I’ve never been one to Baywatch-run into the ocean and frolic in the waves, and I watch with envy those that do. I’m the one at the swimming pool who gets in inch by inch trying to gradually get used to the water. I sometimes hear the whisper, “Just do it. Jump in.” But I argue with myself, listing all the reasons I can’t do that. I don’t want to get my hair wet, it’s too cold, or I feel fat.
I’m getting tired of the inch by inch life that weighs me down until I cannot move. I’m disgusted by my lack of adventure and cautious moves. I’m ready, I think, to embrace a more fulfilling way of life. If others can do it, why can’t I? This hesitancy is a long-ago habit that started when my mother passed away. My four-year-old mind could not fathom the loss of my mother, but her death left an imprint on my body and soul.
That’s when I began my demure misgivings. Shyness and fear took hold of me like a creeping fog from the sea, enveloping my very spirit. I didn’t hear the whisper then; I only felt the grip of an uneasy foreboding. “Shrink back,” it beckoned. “Hold back,” and so I did. It’s much easier to shrink back than to push forward. It instantly felt like a safe place to be and I began to try it with every situation. My carefree childhood came to an abrupt halt and I became wary of life in general; my maturity at a standstill.
This past summer I heard my grandchildren prodding me, “Jump in Nannie, it won’t be cold for long. Just do it!” I sat on the steps of the pool watching them splash and play, their joy out front for all to see. Where did their bravery come from? It never occurred to them to shrink back or limit their fun. I envied their unbridled joy.
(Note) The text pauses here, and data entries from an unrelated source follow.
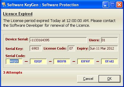 This is software “lock†module placed on Visual Basic 6.0 program by the developer to prevent the program from being copied or distributed without approval or authorization. The required Serial Code is different for every computer that the program runs in. The Serial Code has five sets of codes with each set having 5 characters i.e. ABCDE-FGHIJ-KLMNO-PQRST-UVWXY.
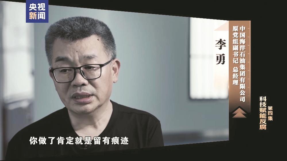 由中央纪委国家监委宣传部与中央广播电视总台央视联合摄制的电视专题片《一步不停歇 半步不退 让》,1月14日在总台央视综合频道晚8点档播出第四集《科技赋能反腐》,央视新闻新媒体平台同步播 发。 中国海洋石油集团有限公司原党组副书记 总经理 李勇:不应该去收人家的钱,你做了肯定就是留有痕 迹。想过这事,就像石油的管线里边,这个油流过去,它总会在管壁上留一些油一样的。 中央纪委国家监委国际合作局副局长 欧阳柏青:李勇案是国有企业跨境腐败的典型案件,这起案件涉 外的因素非常突出,超过83%的赃款来自境外,商人老板在境外代为收受、流转和存放赃款。我们的境 外调查取证工作涉及10个国家和地区。 李勇,中国海洋石油集团有限公司原党组副书记、总经理,2024年3月接受中央纪委国家监委审查调 查。李勇长期分管中海油在境外的大量项目,其跨境腐败问题极其突出。 李勇在石油系统工作近40年,他利用自己对国际海洋石油领域商业模式的深度了解,将权钱交易包裹在 看似正常的项目合作之中,大量受贿钱款也藏在海外,自认为就算有人怀疑也难以找到证据。 李勇:我就觉得在海外就没有调查权,鞭长莫及。有些项目闻你都能闻出那个味儿来,就是不正常,但 是你 ...
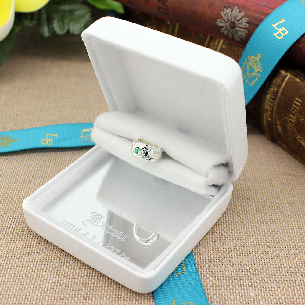 这款夏威夷婴儿戒指以其精美的手工雕刻而脱颖而出。据说,在戒指上镶嵌一颗诞生石可以辟邪、带来幸福。
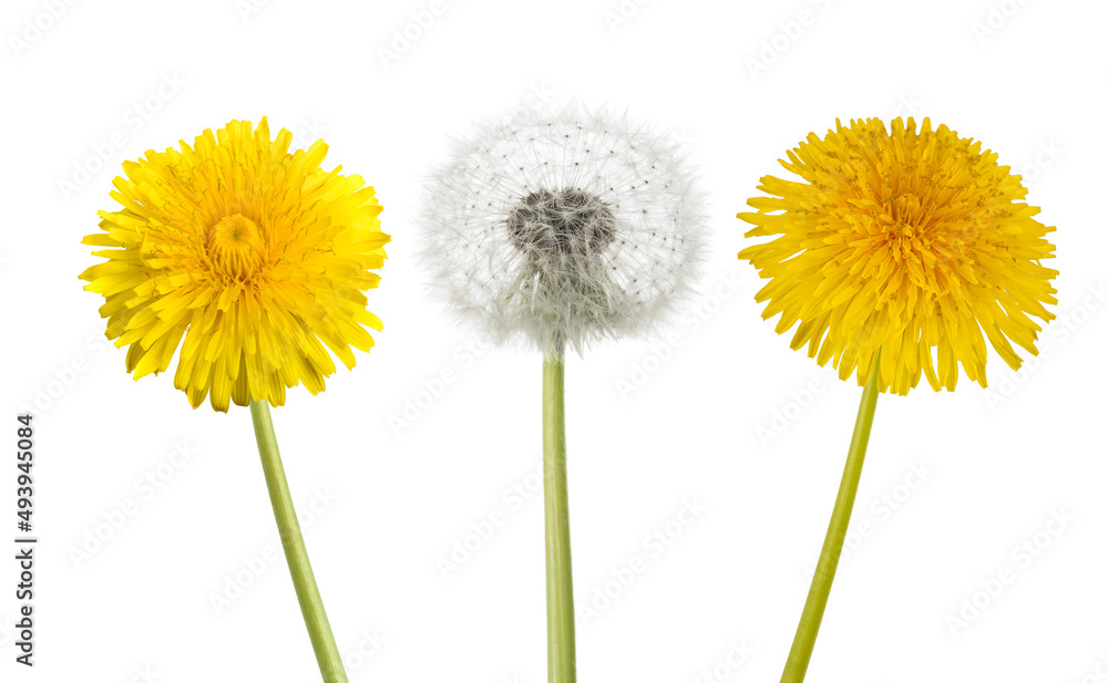 Fototapety Dmuchawiec - Dandelion flowers with blowball #493945084
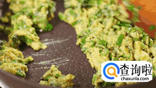 锅中倒油,热后倒入混合蛋液,翻炒1-2分钟,炒散后出锅即可。
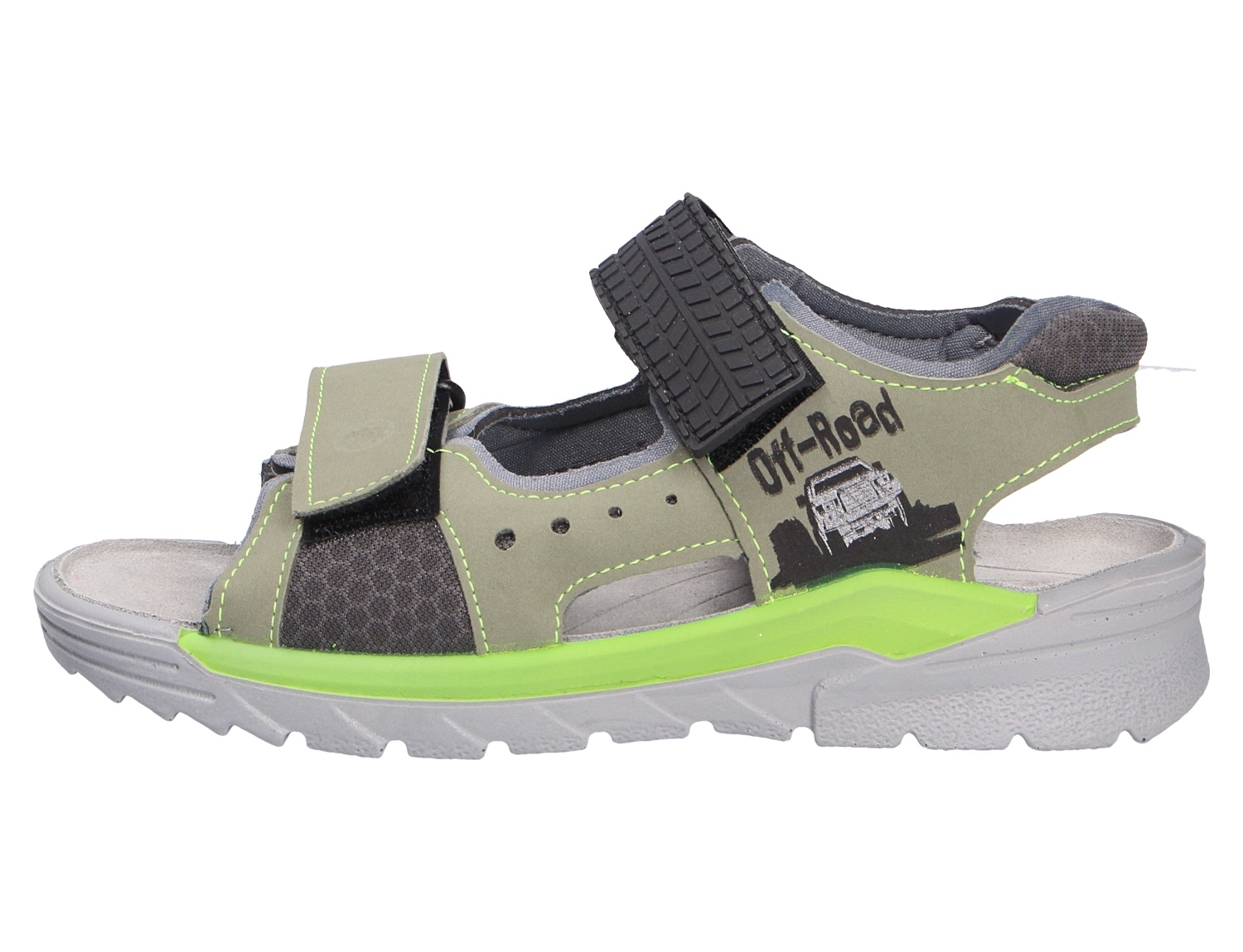 Für die wilden Jungs ist der ROAD der Marke Ricosta eine robuste Sandale die (fast) alles mitmacht. Das Obermaterial ist aus einem feinen hochwertigem Synthetikmaterial. Auch die textile Innenverarbeitung überzeugt durch ihre angenehm weiche Beschaffenheit. Für gutes Fußklima sorgt die lederbezogene Decksohle. Die Schuhform wurde nach dem WMS-Weitensystem entwickelt und hat die WMS-Weite M. Der Absatz ist durchgehend flach ,die aus einem weichen PU-Material bestehende Laufsohle schont die Gelenke und federt jeden Tritt optimal ab. Ein Klettverschluß zum einfachen und bequemen an- und ausziehen sorgt für einen guten Halt.Ebenfalls ist eine stufenlose Anpassung an den Fuß möglich. Die Schuhgröße fällt regulär aus.
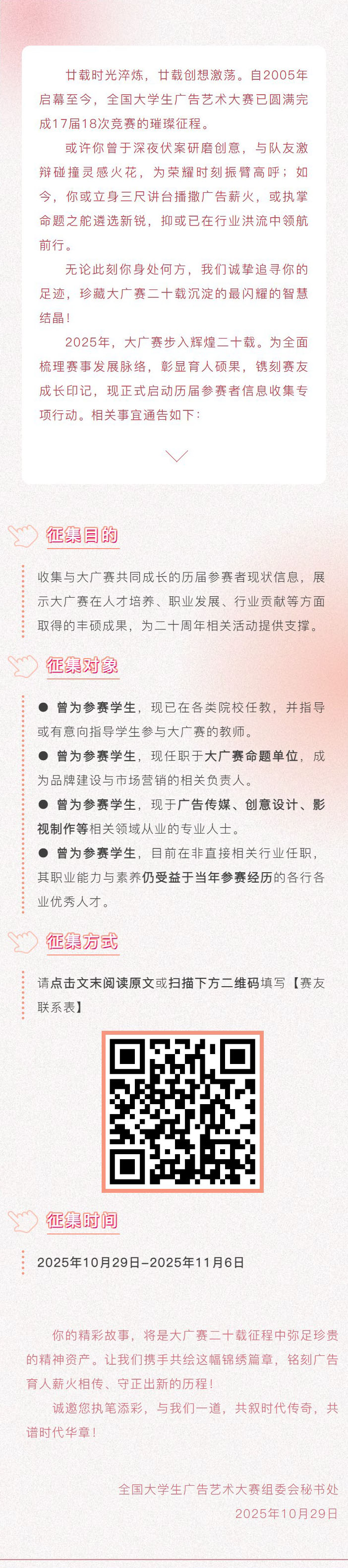 大广赛华彩20年赛友联系表征集开启
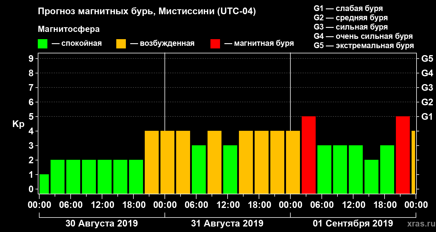 Прогноз магнитных бурь Мистиссини на 30 августа 2019 года
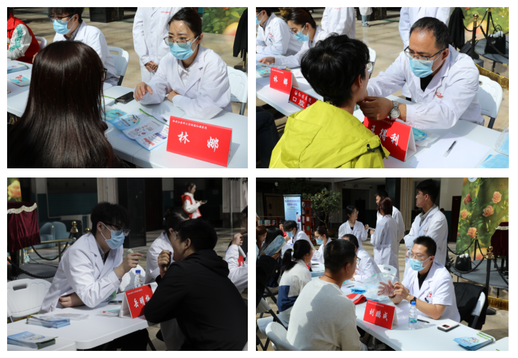 活动紧扣“口腔健康,全身健康”理念,突出科普导向,将专业服务与趣味互动有机融合,吸引近千名师生参与,全方位提升学生口腔健康素养。活动设置专家诊察、科普知识和趣味问答三大环节,口腔医学专家团现场坐诊,提供个性化建议并借助牙齿模型演示刷牙盲区;志愿者发放科普手册,普及刷牙、使用牙线、减糖护齿等知识;创新采用“线上+线下”趣味答题模式,线上学习通答题通道吸引超800名同学参与,实现“寓学于乐”。
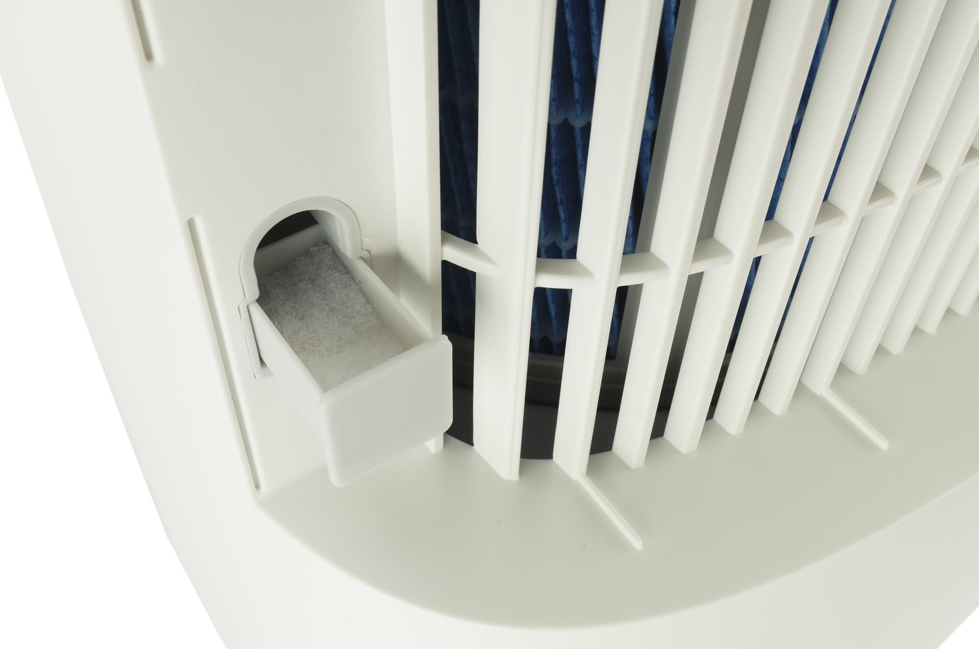 Прибор работает по принципу естественного увлажнения, по сути это такая продвинутая мойка воздуха: воздух попадает в корпус на водяной фильтр — мокрую «гармошку». Воздух увлажняется, очищается от крупной пыли и на выходе дополнительно фильтруется.
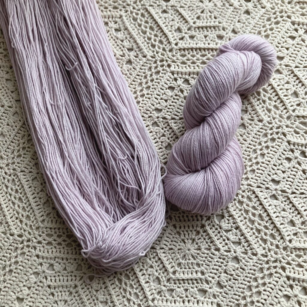 ■使用糸:【草木染め糸】スーパーウォッシュソック(淡藤色) | 手編み雑貨の編み図&キット ATELIER *mati*
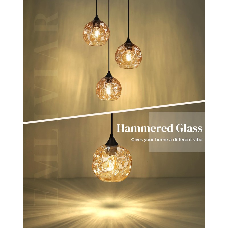 - These pendant lights for foryer boast a robust metal construction with a black finish. The amber hammered glass adds a touch of elegance, making it a perfect fit for any home style.
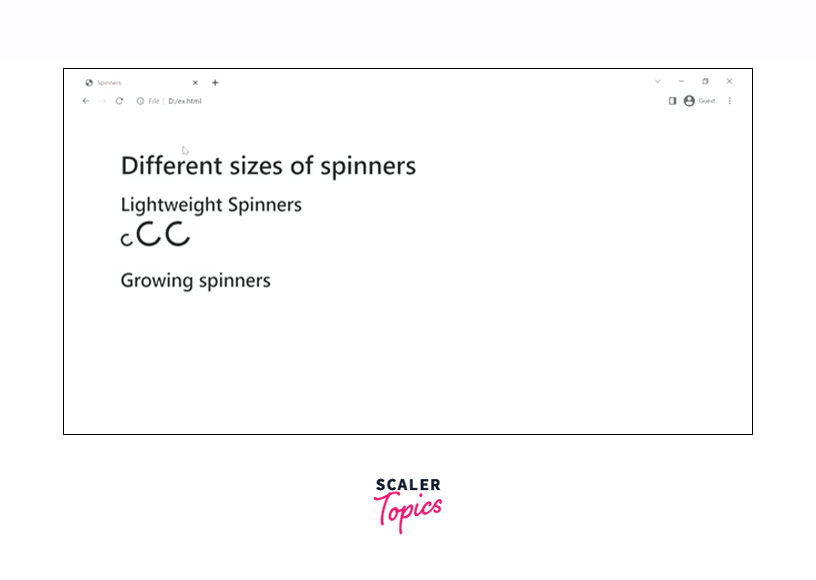 Therefore, as you can see in the above output, we have changed the sizes of the spinners using some inline CSS of height and width.
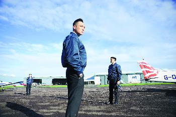 吳鎮宇飾演的Sam哥在《衝上雲霄II》與Holiday(陳法拉飾)、Captain Cool(張智霖飾)在緣份的天空下展開一段三角情緣。(圖:香港明報)
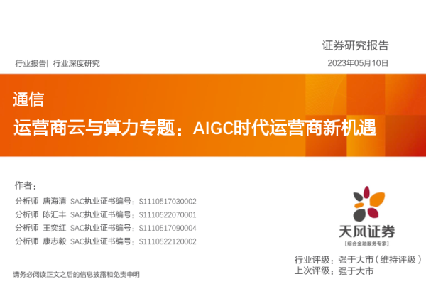 【天风证券】【20230510】运营商云与算力专题:AIGC时代运营商新机遇-44页
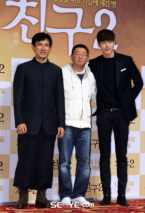 배우 유오성, 곽경택 감독, 김우빈이 4일 오후 서울 롯데시네마 건대점에서 열린 영화 '친구2' 언론시사회에 참석해 포즈를 취하고 있다.
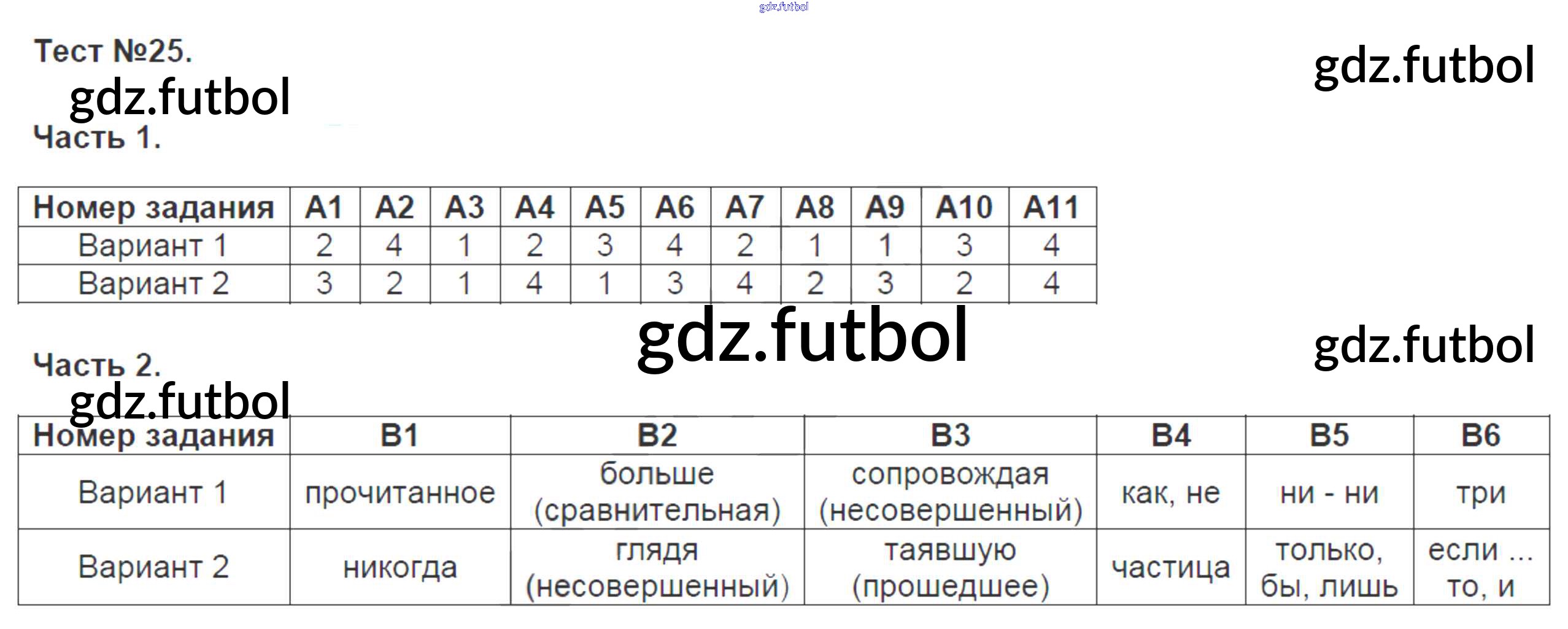 Готовые домашние задания по Русскому языку за 7 класс Егорова Контрольно-измерительные материалы (КИМ) 2017 ФГОС - Тесты 25
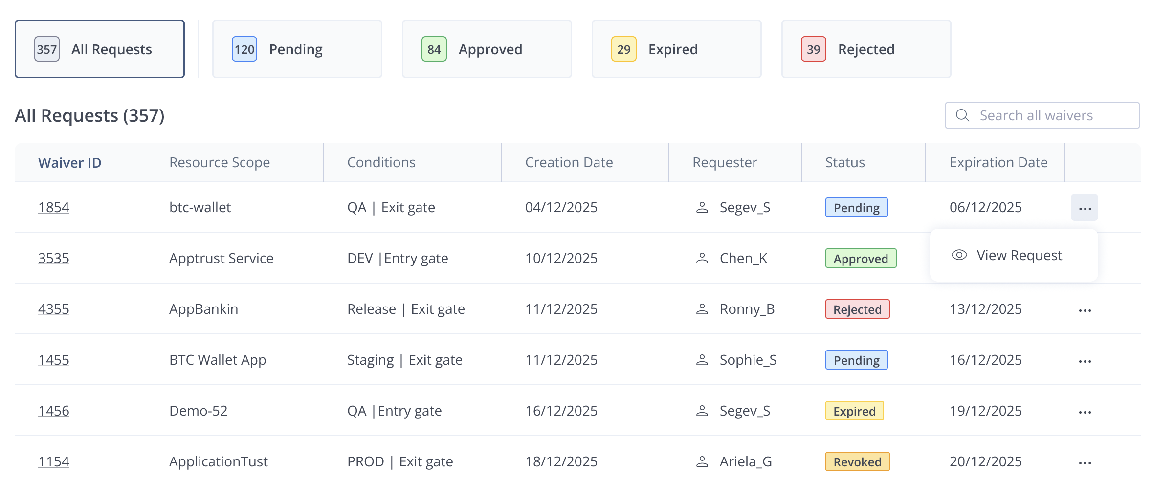 - In the JFrog Platform, go to AppTrust > Waivers. The list of waiver requests appears, showing the most recent requests of all statuses.
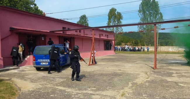 ''Exerciţiul demonstrativ care s-a desfăşurat astăzi a fost inclus în scenariul exerciţiului mare. În cadrul lui au acţionat peste 150 de jandarmi plus reprezentanţi ai MapN, o grupare care se ocupă de identificarea şi neutralizarea explozibililor dispozitive improvizate. În cadrul exerciţiului, s-a intervenit cu un elicopter pentru evacuarea unor persoane rănite'', a declarat, purtătorul de cuvânt al Jandarmeriei Române, Irina Drăgan.
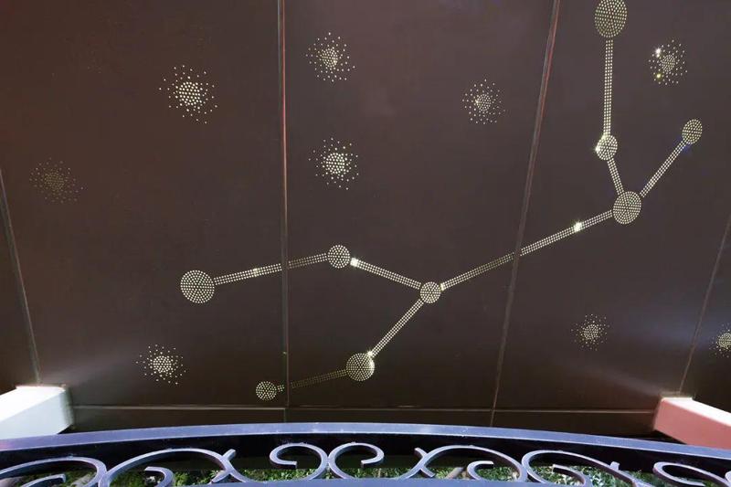 夜晚的奇幻的照明装饰让游乐场的轮廓更加令人印象深刻。闪闪发光的光点嵌入地板中,营造出神奇的环境效果,而定制的藻类灯则安装在周边,以提供整体和身临其境的海洋体验。
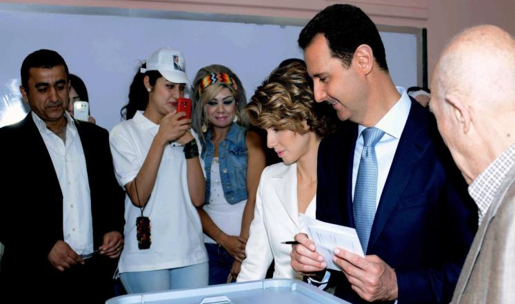 أعلن رئيس مجلس الشعب السوري جهاد اللحام فوز الرئيس بشار الأسد بفترة رئاسية ثالثة في الانتخابات الرئاسية التي شهدتها البلاد، وقال إنه حصل على أكثر من عشرة ملايين صوت وبنسبة مشاركة بلغت 88.7%. وكانت المحكمة الدستورية العليا في سوريا قد أعلنت مساء الأربعاء أن نسبة المشاركة في الانتخابات الرئاسية تجاوزت 73%. وقال المتحدث باسم المحكمة ماجد خضرة في بيان تلاه عبر التلفزيون الرسمي، إن عدد المشاركين في الانتخابات بلغ "11 مليونا و634 ألفا و412" من أصل 15 مليونا و840 ألفا و575 ناخبا داخل سوريا وخارجها، مشيرا إلى أن نسبة المشاركة بلغت 73.42%، وأن نسبة الأصوات الباطلة بلغت 3.8%". وفي وقت سابق أعلن رئيس اللجنة القضائية العليا للانتخابات هشام الشعار "الانتهاء من عملية فرز الأصوات وموافاة اللجنة القضائية العليا بمحاضر النتائج بعد فرز الأصوات". وذكر أن اللجنة قامت "بتنظيم محضر إجمالي ورفعته إلى المحكمة الدستورية العليا وفق ما نص عليه قانون الانتخاب". وبدأ إطلاق النار في الهواء في مناطق مختلفة من دمشق بعدما أعلن التلفزيون السوري قرب إعلان النتائج، وفي الوقت نفسه كان التلفزيون يبث نداء من الأسد عبر شريط إخباري عاجل جاء فيه "جنودنا البواسل وهم على خطوط النار يدافعون عن الوطن ويحاربون الإرهاب أولى بكل رصاصة تطلق في الهواء تعبيرا عن الابتهاج بأي مناسبة أو حدث". ورفض الثوار والمعارضة السورية الانتخابات بوصفها مهزلة قائلين إن منافسي الأسد غير المعروفين تقريبا لا يقدمان بديلا حقيقيا، وإنه لا يمكن إجراء انتخابات واعتبارها ذات مصداقية أثناء حرب أهلية. وجرت عملية التصويت في المناطق التي تسيطر عليها الحكومة بسوريا، ولكن لم تجر في مناطق كبيرة في شمال وشرق سوريا التي تسيطر عليها المعارضة السورية. وأدت الحرب إلى سقوط 160 ألف قتيل وما يقارب ثلاثة ملايين لاجئ، إضافة إلى نزوح عدد كبير داخل سوريا بحثا عن مناطق أكثر أمنا.

As I began my slow descent inch by inch into the water, I was aware of their growing impatience with me. They stopped encouraging me and I felt the sting of disappointment from them and myself. On my deathbed will I say, “I’m so glad I didn’t get in the pool and play? I’m glad I shrunk back?” I know I will not feel that way. I fear my regret will be heavy and I will be deeply saddened that I missed their screams of delight and wet grip around my neck. I’ll ask myself why? And so, against my fearful judgment, I did jump.
I jumped for all the shrinkers who let the icy voice of fear stop them in mid-stride. I jumped to prove to myself that I could, and I jumped for that little four year old who lost her mother and was afraid of life.
Elizabeth Kubler-Ross, a psychiatrist who was a pioneer in near-death studies, knew this very fear and spoke these wise words, “Live, so you do not have to look back and say: God, how I have wasted my life.” Never again, I tell myself. Never again will I shrink back from life, although I know there is a big chance that I might, at least a little. I have made progress and perhaps that is all I can do. It’s a good start, and today I can let that be enough.